Hartford's Clark School, closed after PCBs were discovered in the building in December. 2014 The toxic materials were found in new ceiling tiles. (Credit: Ryan Caron King/WNPR)

Hartford’s Clark School, closed after PCBs were discovered in the building in December. 2014 The toxic materials were found in new ceiling tiles. (Credit: Ryan Caron King/WNPR)

 

Toxic Learning Environment


In Episodes 2 and 3, we heard about the toxic effects of PolyChlorinated Biphenyls, or PCBs, deposited by General Electric in the Housatonic River in Western Massachusetts, and the controversy about whether to remediate downstream.

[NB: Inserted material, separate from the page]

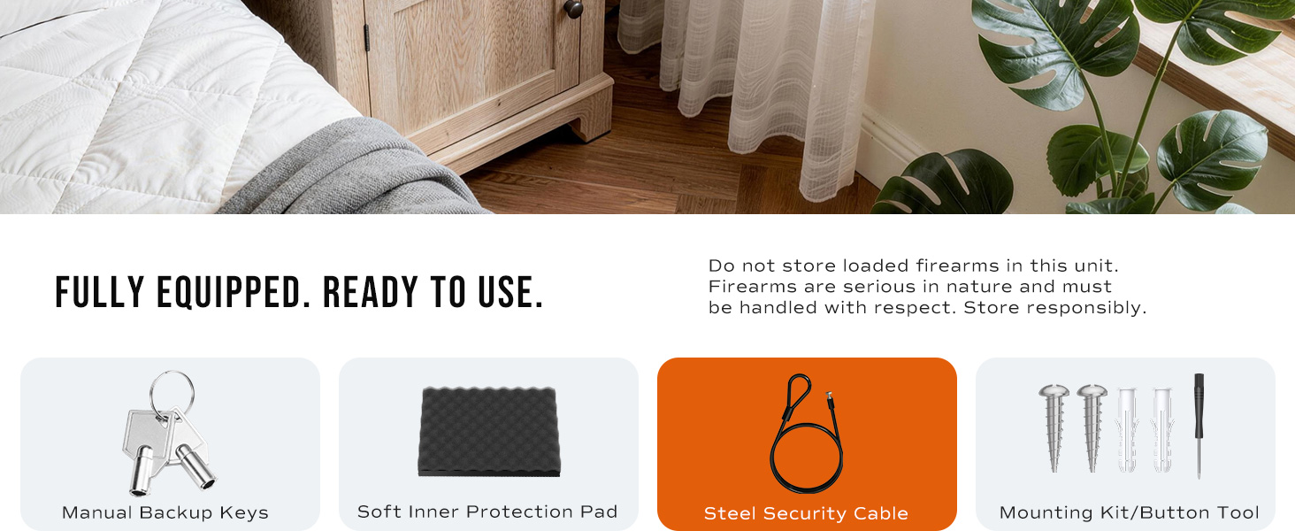 مصدر الطاقة في حالات الطوارئ: تتميز المسدس الآمن للمسدس بمنفذ USB من النوع C مدمج على الجانب (كابل الشحن غير متضمن)، مما يوفر طريقة للوصول إلى صندوق القفل هذا في حالة الطوارئ عندما تكون البطاريات ميتة أو المفاتيح الاحتياطية مفقودة. هذا المنفذ مخصص للاستخدام في حالات الطوارئ فقط وليس مخصصًا لنا على المدى الطويل

But in many other places where PCBs were used, there’s no mandate to even test for the toxin, even in places where it could likely be affecting children — like schools. PCBs were widely used in caulk around windows and lighting fixtures between 1950 and 1979, when many of our nation’s school buildings were built.

Recent research indicates that as many as 26,000 schools across the country could be contaminated, and this month Senator Ed Markey of Massachusetts sounded the alarm with a new report.

Our guests are education reporter David DesRoches, who has covered the issue for WNPR and Reveal from the Center for Investigative Reporting;  Dr. Robert Herrick of Harvard’s TH Chan School of Public Health, whose study was cited in Senator Markey’s report; and Melanie Benesh, legislative attorney at the Environmental Working Group.

Flora and Fauna

Look at a map of New England, and you’ll see lots of forest habitat. But a growing challenge for wildlife is that this habitat is increasingly fractured. As we’ve built up roads and housing developments, crossing between key forest areas — such as from the Adirondacks to the Green Mountains — can be a dangerous trip for a moose or a bear.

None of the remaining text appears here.